[Task details]: Under this line are records; the part from the line containing "Imagine bringing a" through the line containing "Disfrute de esta" should be repeated exactly. Please exclude pictures.

(Data records)
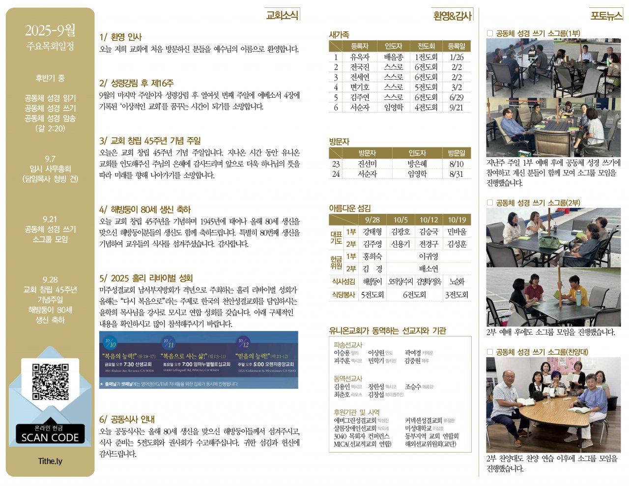 오늘 교회 창립 45주년을 기념하며 1945년에 태어나 올해 80세 생신을 맞으신 해방둥이분들의 생신도 함께 축하드립니다.
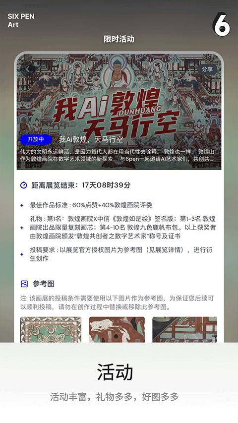 2、挑选喜欢的一幅展品进行浏览,可以看到礼物数和投稿要求,
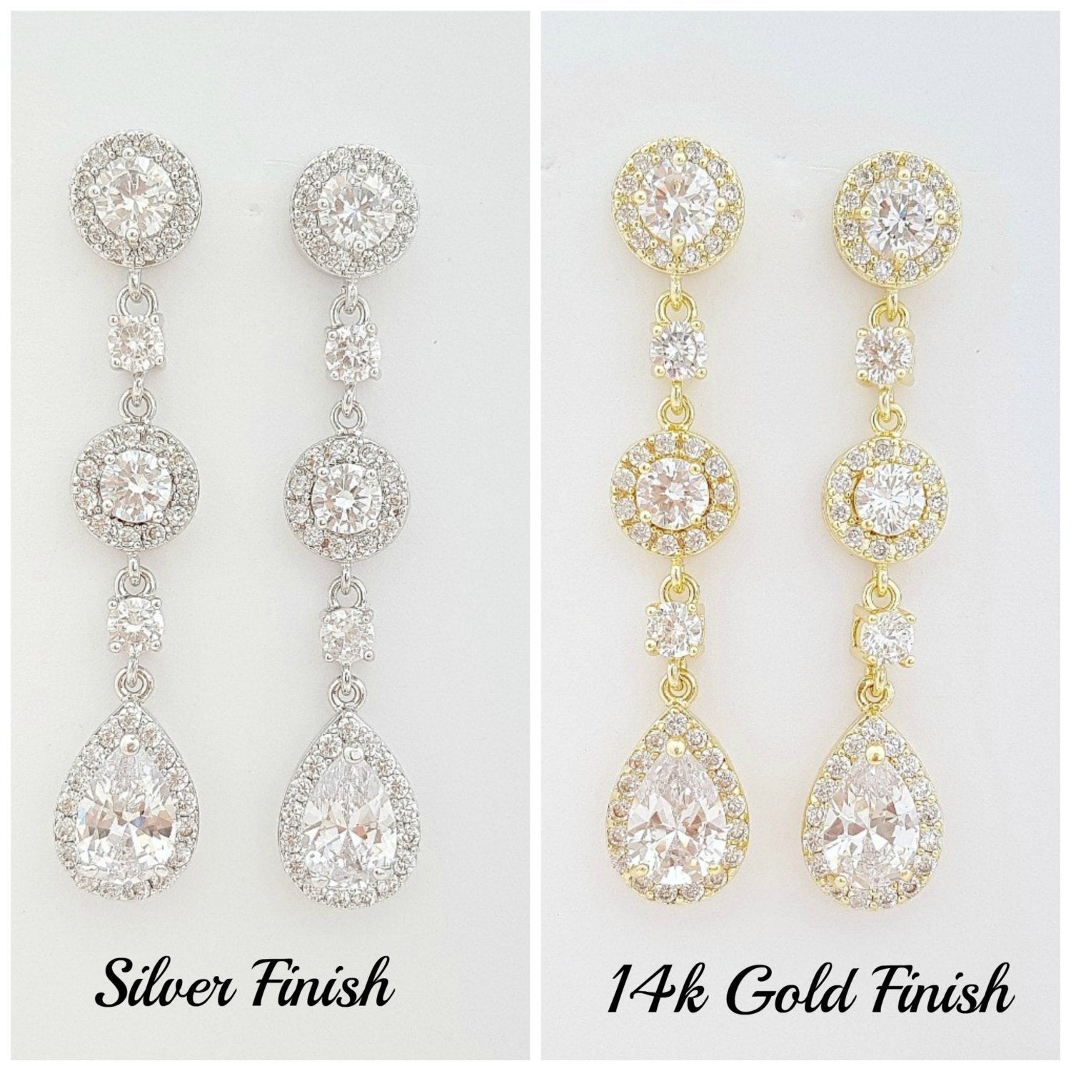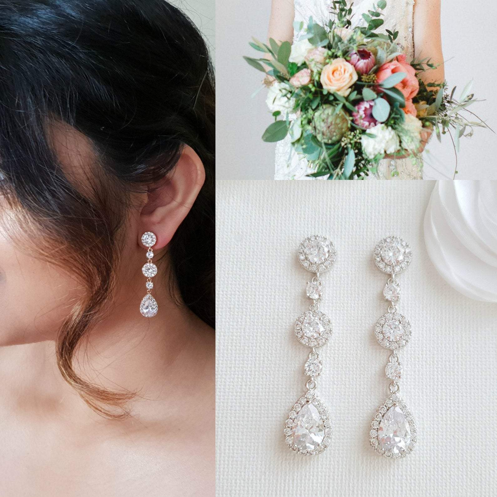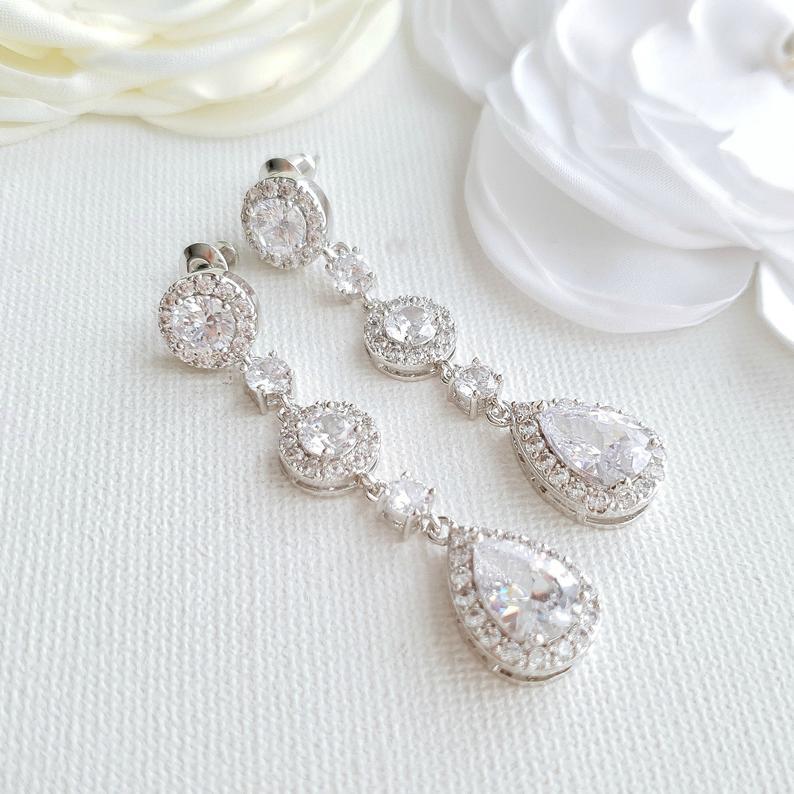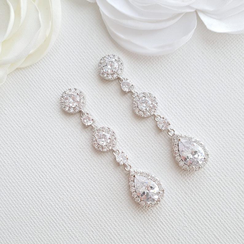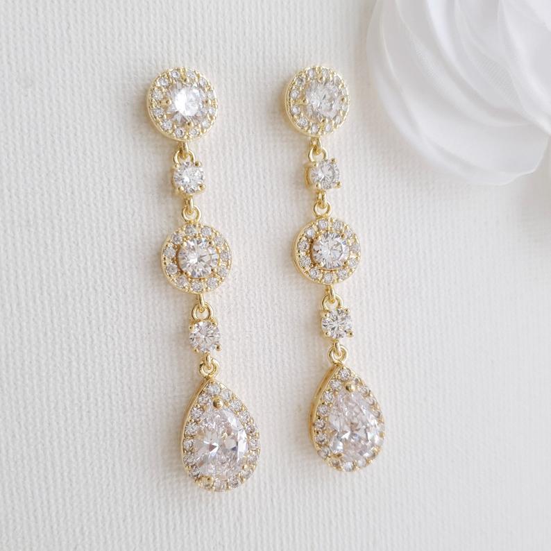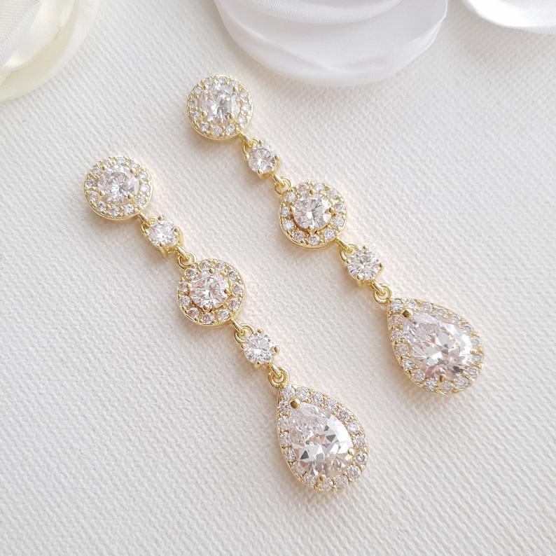 Long Rose Gold Crystal Teardrop Earrings for Brides
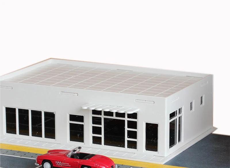 Imagine bringing a sleek, contemporary urban street to life with this stylish miniature model of a convenience store. Crafted from smooth plastic, its minimalist design features a flat roof, large front glass windows, and a clean exterior in neutral tones. As you assemble this detailed piece, you'll notice the realistic paving with parking lines, a yellow curb, and a crosswalk that perfectly enhance the street scene. Measuring in various scales—1:150, 1:100, 1:87, 1:72, and 1:64—it offers versatile options for your diorama or model display. This model invites you to create lively, modern cityscapes filled with vibrant streets, transportation themes, and bustling urban life.
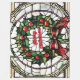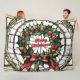 Disfrute de esta manta decorativa con una corona de Navidad en un diseño de cristal manchado.
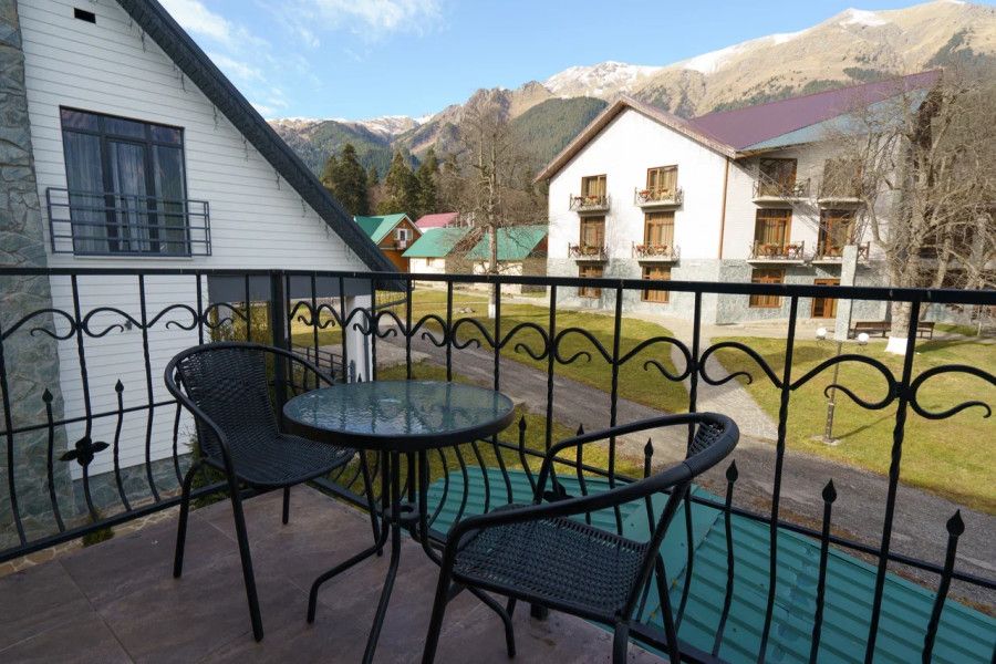 У данного номера есть свой балкон с видом на прекрасные горы, где можно посидеть в хорошую погоду и попить вкусный кофе.
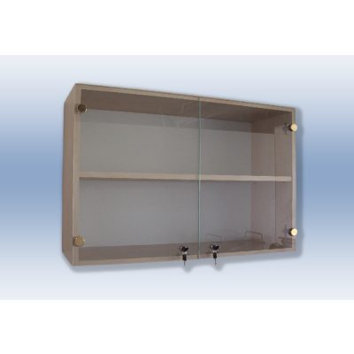 Laminált bútorlapból készült szekrénytest, 2 üvegajtóval. Az ajtó biztonsági zárral van ellátva. Alapszín: fehér.
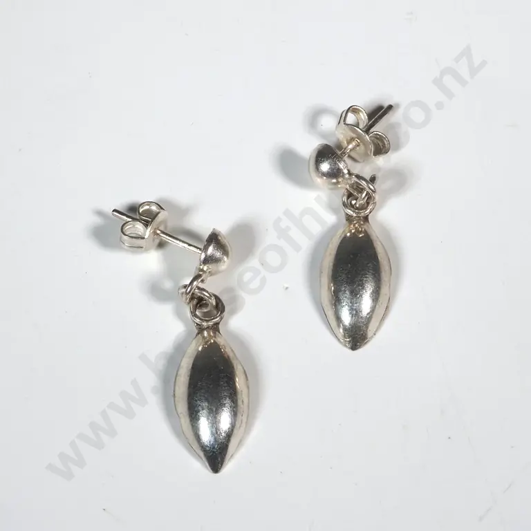 Pair Of Sterling Silver Oval Drop Earrings Estimate: $20 - $40
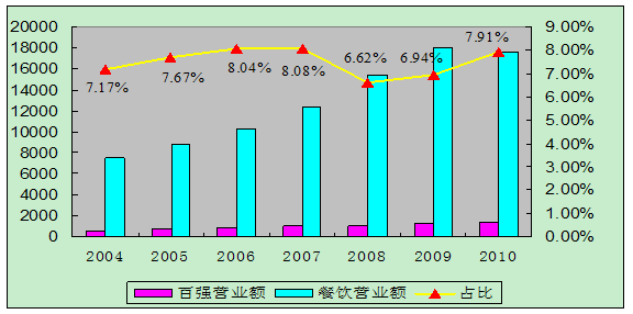图3 2004-2010年度餐饮百强企业营业占全社会住宿餐饮业营业额的比重
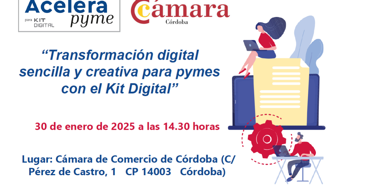 La oficina Acelera pyme de la Cámara de Comercio de Córdoba, puesta en marcha en colaboración con la entidad pública Red.es y cofinanciada por los fondos europeos Next Generation EU del Plan de Recuperación, organiza junto con la asociación amigos comerciantes del centro de Córdoba «Iluminando juntos» el próximo 30 de enero a las 14.30 horas en la Cámara de Comercio de Córdoba (C/ Pérez de Castro, 1 CP 14003 Córdoba) el taller “Transformación digital sencilla y creativa para pymes con el Kit Digital».
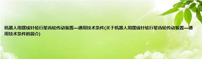 本文关于机器人用摆线针轮行星齿轮传动装置—通用技术条件的简介就讲解完毕,希望对大家有所帮助。
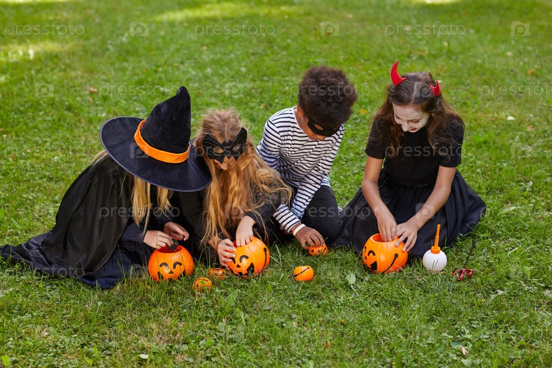 Группа детей, играющих на улице в Хэллоуин
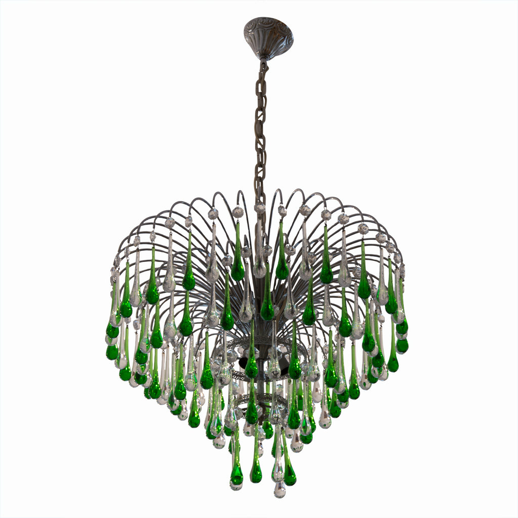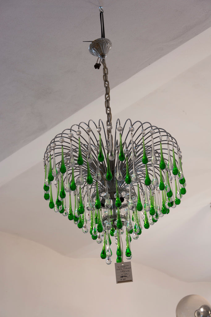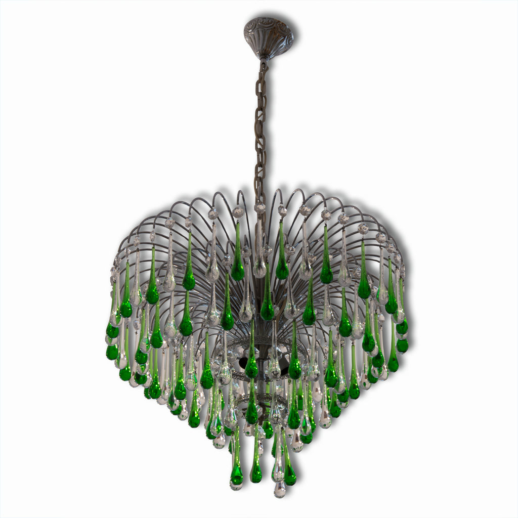 Murano Crystal Teardrop Waterfall Chandelier, Italy, 1950s
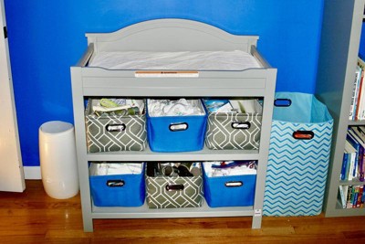 [This review was collected as part of a promotion.] This is the ideal changing table - Great size shelves to store cute baskets, diaper packs & wipes, diapers etc. Comes with a flat changing pad - would recommend upgrading to one with the curved sides so baby can't easily roll. Assembly was a little tricky because the parts weren't labeled with "front" etc., so unfortunately we ended up with one piece facing the wrong way. Not the end of the world, appreciate that the parts are finished on all sides.
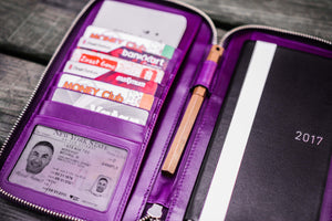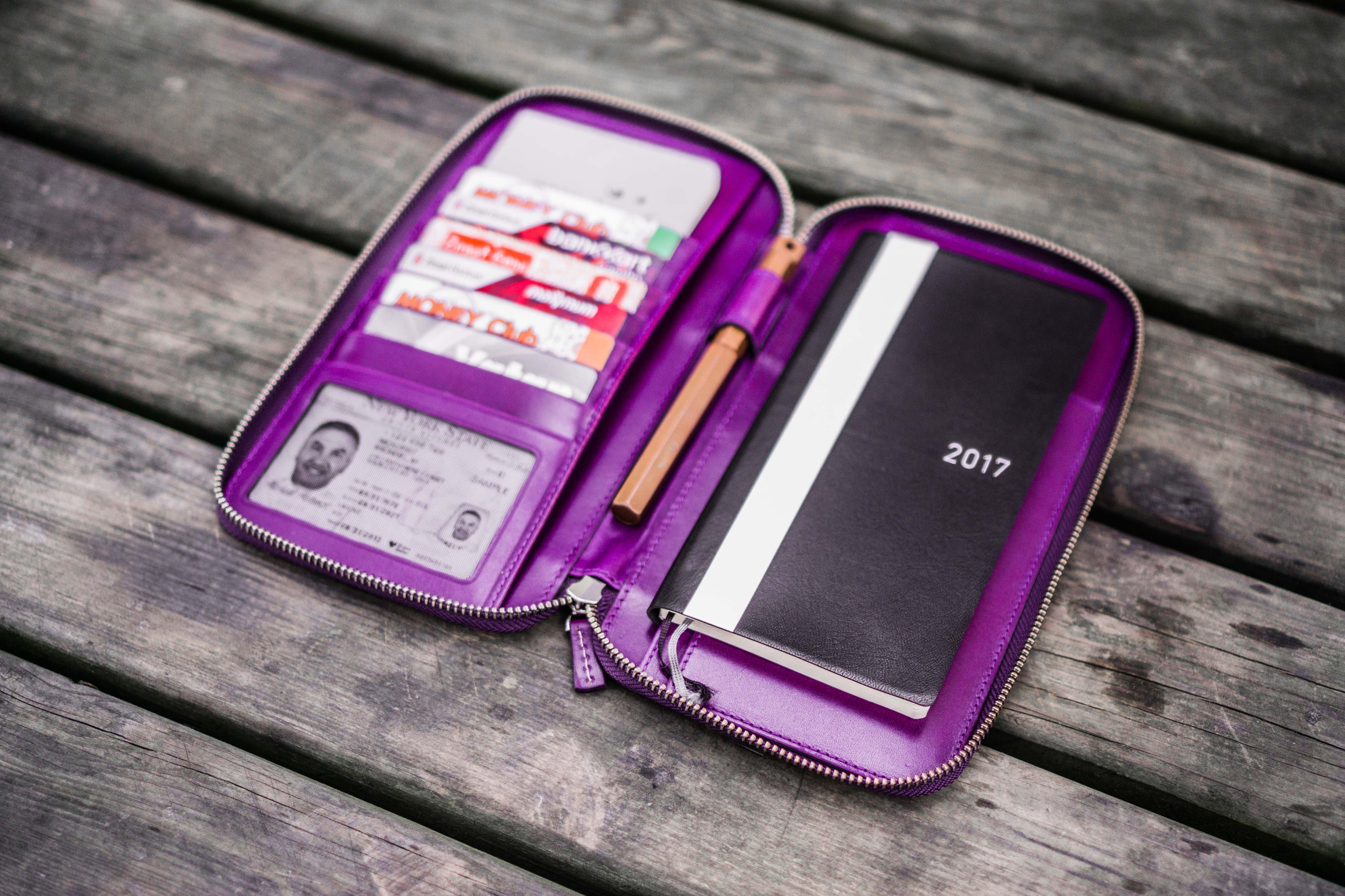 This purple leather Zippered Hobonichi Weeks Cover is the perfect for solution for an all-in-one Hobonichi Weeks notebook holder. It allows you the ultimate flexibility in carrying your everyday essentials, with the security of the sturdy zipper so nothing falls out.

[Expected answer]:
 Imagine bringing a sleek, contemporary urban street to life with this stylish miniature model of a convenience store. Crafted from smooth plastic, its minimalist design features a flat roof, large front glass windows, and a clean exterior in neutral tones. As you assemble this detailed piece, you'll notice the realistic paving with parking lines, a yellow curb, and a crosswalk that perfectly enhance the street scene. Measuring in various scales—1:150, 1:100, 1:87, 1:72, and 1:64—it offers versatile options for your diorama or model display. This model invites you to create lively, modern cityscapes filled with vibrant streets, transportation themes, and bustling urban life.
 Disfrute de esta manta decorativa con una corona de Navidad en un diseño de cristal manchado.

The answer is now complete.